First, a retraction: in my posting of Ric's paper that started all this,
there was a reference to an airplane crash caused by faulty software.  Upon
digging further, I can't find the incident.  The example is retracted; the
point about the inconceivable cost of BMD failure remains.

"Having dealt with some side issues", I will rebut Henry's rebuttal.

First, the matter of the need for absolute correctness, given that
verifiability is virtually impossible.  If we are to protect our cities
from attack, a "small" leakage is absolutely unacceptable.  Thus, the
battle management software must be perfect.
If we use such follies as pop-up missiles, matters are much worse.  A
missile rising out of a submarine is going to look hostile, no matter what
it does.  In fact, the mere starting up of ANY sort of BMD system is going
to look hostile; remember, current bets are that a BMD system adequate to
cope with a retaliatory strike is probably feasible, so firing it up may be
the first step of a first strike.  In which case, the only way for the
Soviets to preserve their deterrent is to go to launch-on-warning so that
something will get through.  They may consider some stage of BMD startup to
be "warning".  And then they may not... did you play "chicken" in your
younger days?  Did you play it with the population of the Northern
Hemisphere in your car?

Note, by the way, that no straw-man tying of BMD to retaliatory ICBMs is
needed to cause an "accidental" war.

Now for the point that, given the source, shocks me.  Henry asks
>Furthermore, why should the decision to activate an SDI system against
>a major attack have to be automated at all?

ALL proponents of SDI (with the possible exception of ol' Sixgun)
including fanatics such as Daniel Graham, consider a boost-phase defence to
be the only feasible approach.  Boost phase can most comfortably be
measured in seconds.  By the end of that time, the rising missiles must be
destroyed - not identified as being worthy of destruction.  If the Soviets
go to simultaneous launch (difficult, but much simpler than SDI!) the
decision must be made within the first few seconds of boost.  What kind of
meaningful information can a human absorb, let alone digest, in this time?
And multiple decisions by multiple observers is even more ridiculous.

Henry's speculation that humans could even handle the battle management
functions is surely the product of a hallucinogens in the Ramsey Wright
water supply.  Read the Fletcher Report on Battle Management to get an idea
of the magnitude of the problem; ask me to expand on this if you wish.

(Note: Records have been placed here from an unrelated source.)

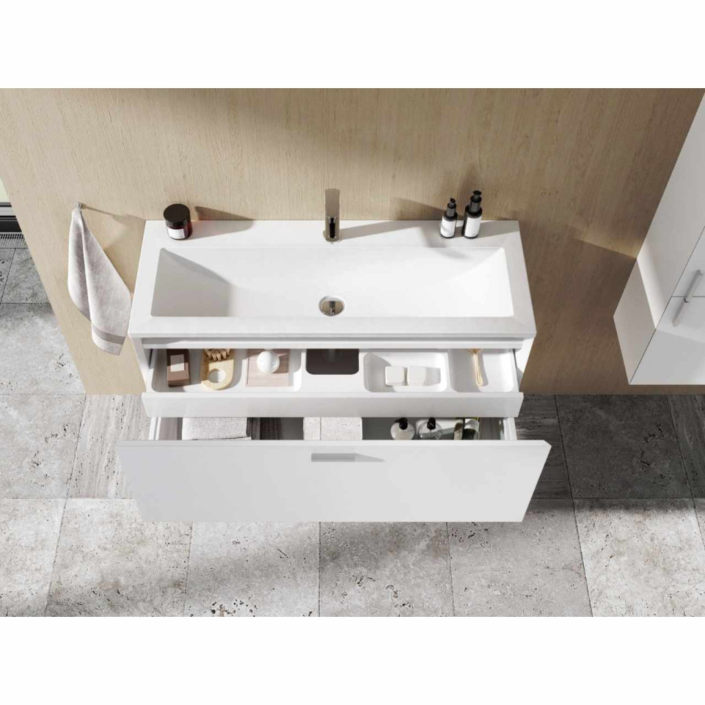 Clear öntött márványból készült bútorba süllyeszthető mosdó, túlfolyó nélkül. Fehér kivitelben.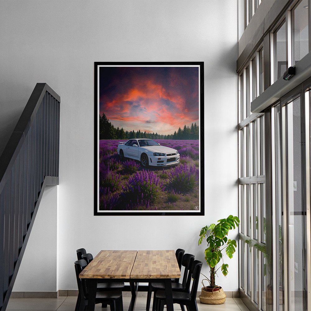 - Title: Nissan GTR R34 – Midnight Velocity – Digital Art Print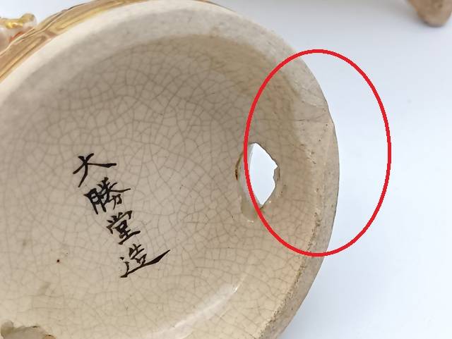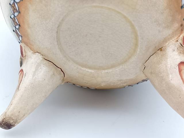 ・経年の汚れや、蓋部分にカケ、足付け根にヒビ等ございます。

The REAL "crux of the matter" is perhaps that

>If one assumes an attack in progress, the benefits of success clearly
>outweigh the possibility of failure.

On the other hand, if an attack isn't yet in progress, but is made far more
likely by a system that won't work perfectly for ICBMs and not at all for
bombers, cruise missiles and SLBMs, then the benefits of this incredibly
expensive system become very hard to see.  (Of course, I don't work for
Lockheed.)  And the phrase, "won't work perfectly" is much weaker than it
needs to be.  Numerous counters to SDI as currently envisaged have
already been proposed, many of them cheap and simple.  "Won't work at all"
might well be less in error.


>I have discussed elsewhere the interesting reasoning: "because some
>types of SDI systems would be very dangerous, any SDI system would be".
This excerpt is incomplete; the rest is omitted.